According to Nelson and Brown, the positive outcome Chino Hills obtained in its petition to the California Public Utilities Commission must be replicated in Ontario to avert the manifestation of favoritism along racial lines.
“While the city of Ontario does not attribute any personal animus to the commission or its staff, these concerns are compounded given the racial and economic disparities between the communities,” according to Nelson and Brown. “Based on the 2010 Census, the city of Ontario’s population is 163,924. The median income in the city of Ontario is $54,994, with 16.4% of the population living below the federal poverty line. By contrast, Chino Hills’ population is 74,799. The median income is $97,065, with 6.3% of the population living below the federal poverty line. Moreover, the decision not to underground the lines in the city of Ontario has a discriminatory impact on the Hispanic and African American populations in the city of Ontario. The census tracts affected by the Tehachapi Renewable Enegy Transmission Project in the city of Ontario have a significantly greater proportion of Hispanic and African American residents than do the affected census tracts in Chino Hills. In Chino Hills, where the Tehachapi Renewable Energy Transmission Project will be undergrounded, the affected population is 22.8% Hispanic and 4.6% African American. In contrast, in Ontario, where the Tehachapi Renewable Enegy Transmission Project’s 200 foot towers will be visible from the residents’ backyards, the affected population is 49.5% Hispanic and 14.1% African American. Given the demographic differences between the communities, their disparate treatment is especially concerning. Whether through less access to resources or otherwise, the residents of Ontario were unable to mount the exorbitantly expensive campaign necessary to underground the segment through the city. It is unfair and a denial of equal protection to penalize the city’s residents. As such, basic notions of fundamental fairness mandate undergrounding the portions of [the transmission line] through the city of Ontario.”
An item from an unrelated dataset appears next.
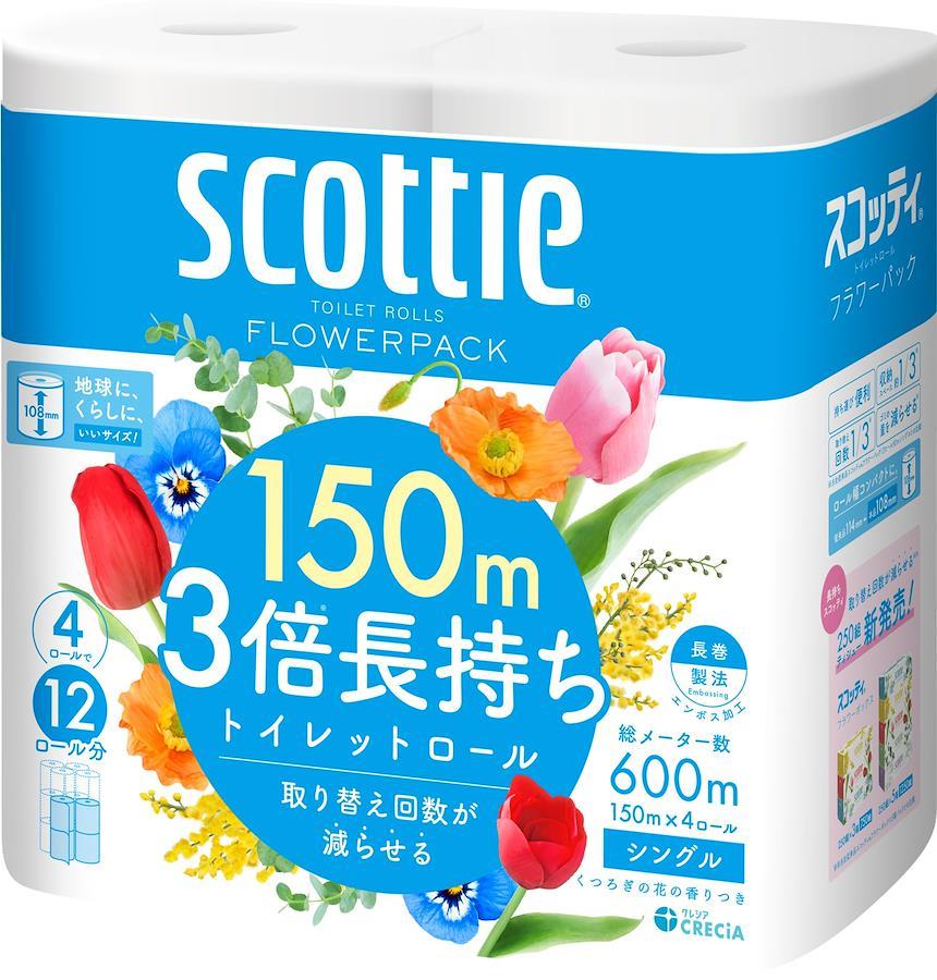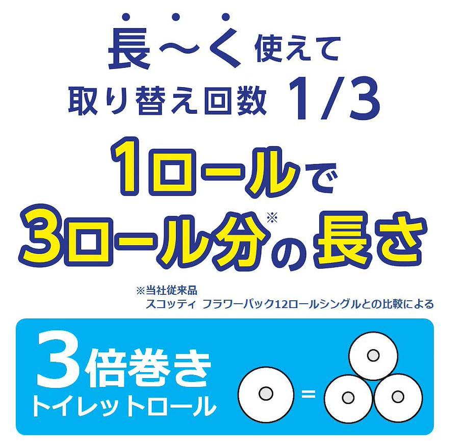 〇商品説明●たっぷり使えて取り替えの手間を軽減●省スペース化で保管もスッキリ●ロール幅108mmのエコサイズ●くつろぎの花の香りつき●当社独自の長巻製法とエンボス加工により、長持ちとやわらかさの両立を実現●従来品スコッティ フラワーパック12ロール(シングル)との比較
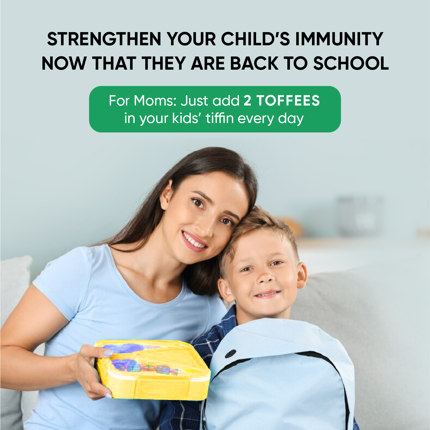Add 2 Chyawan Toffees to your child’s school tiffin or give 2 toffees with warm milk every morning.

In response, Gaylor, Whatley and Zagar asserted, “What Ontario fails to disclose is that the commission directly compared the impacts of the project on Chino Hills and Ontario and concluded that the impacts in Chino Hills were not the same as those experienced in Ontario. This conclusion formed the basis of the commission’s decision to order undergrounding only in Chino Hills. The commission also considered the environmental justice arguments Ontario now raises in its petition and specifically rejected those arguments.”